Jeffrey Paul: Your Computer Isn't Yours (sneak.berlin)

This is spot on. I recognize that the purpose of the service from Apple is to prevent malware from running on your Mac, but it doesn’t sit right with me. Especially that the data is sent unencrypted over the net. Combined with not being able unsigned code on the M1, I’m wondering if my mid-2014 Mac might not be my last.

Whose computer is it? (tinyapps.org)
Some Apple apps bypass some network extensions and VPN Apps. Maps for example can directly access the internet bypassing any NEFilterDataProvider or NEAppProxyProviders you have running

I understand why Apple would want its apps to access the internet unencumbered by potential nefarious network filters installed on a system, but at the same time it’s my computer. And that decision should me left up to me. More and more I think my next computer should be Thinkpad running Debian.

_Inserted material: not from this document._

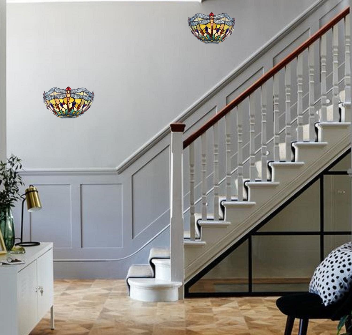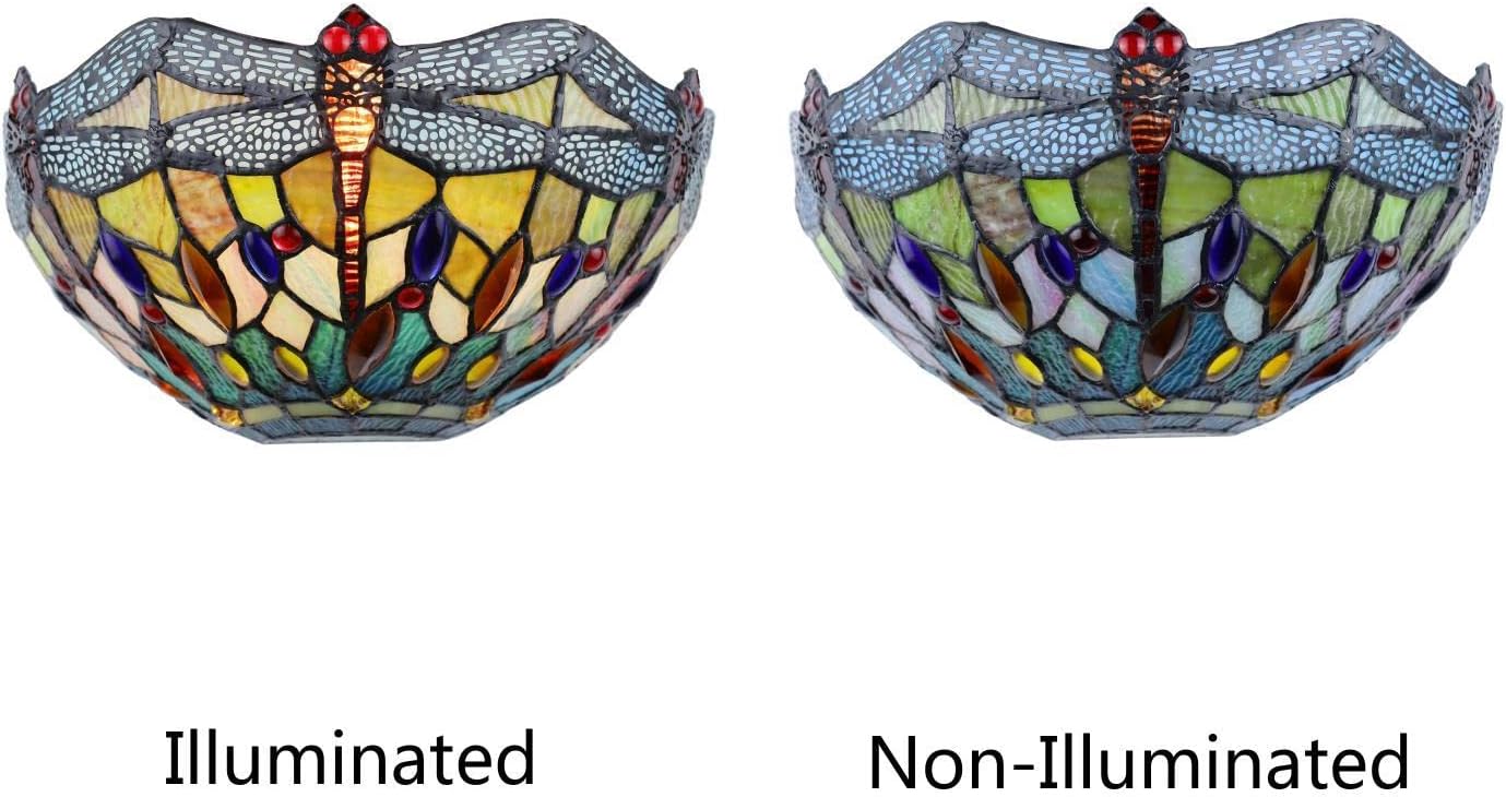 Empress is a stunning 1 light wall sconce, featuring a beautiful victorian shade. This piece would be perfect in a hallway or even over a bed frame. Each shade is hand crafted, using the same methods developed by Louis Comfort Tiffany in the early 1900`s. This process entails using 97 hand cut stained art glass pieces, 26 glass beads and 5 crystals, each wrapped in fine copper foil and soldered together at extremely high temperatures to form each unique piece. Exact size to the nearest inch may vary, and exact color of each glass piece may vary due to each piece being hand crafted. First image is with the light shining through, second image is with no light. Dry listed and recommended for an indoor setting.

A Conflict with RSS by capjamesgcapjamesg (jamesg.blog)
On my vacation, I took some time away from technology. I needed the break. I’ve been using technology less since I returned. I’ve been reading books. Once I have finished reading Kill Switch, the sequel to Kill Process, I’m going to read Moneyball. It’s been over a year since I read books th...

The major difference between the feeds of the Social Dilemma and your RSS feed is one is algorithmly designed to addict and manipulate, while the other is just a chronological list of stuff you’re interested in reading. What I do in these cases is I give a quick glance at the unreads for something that really interests me and then mark everything as read.

My feed list is only about 10 – 15 items at the moment, it’s quickly expanding as I find interesting people on the IndieWeb, so it may not be as viable of a strategy for a larger number of feeds.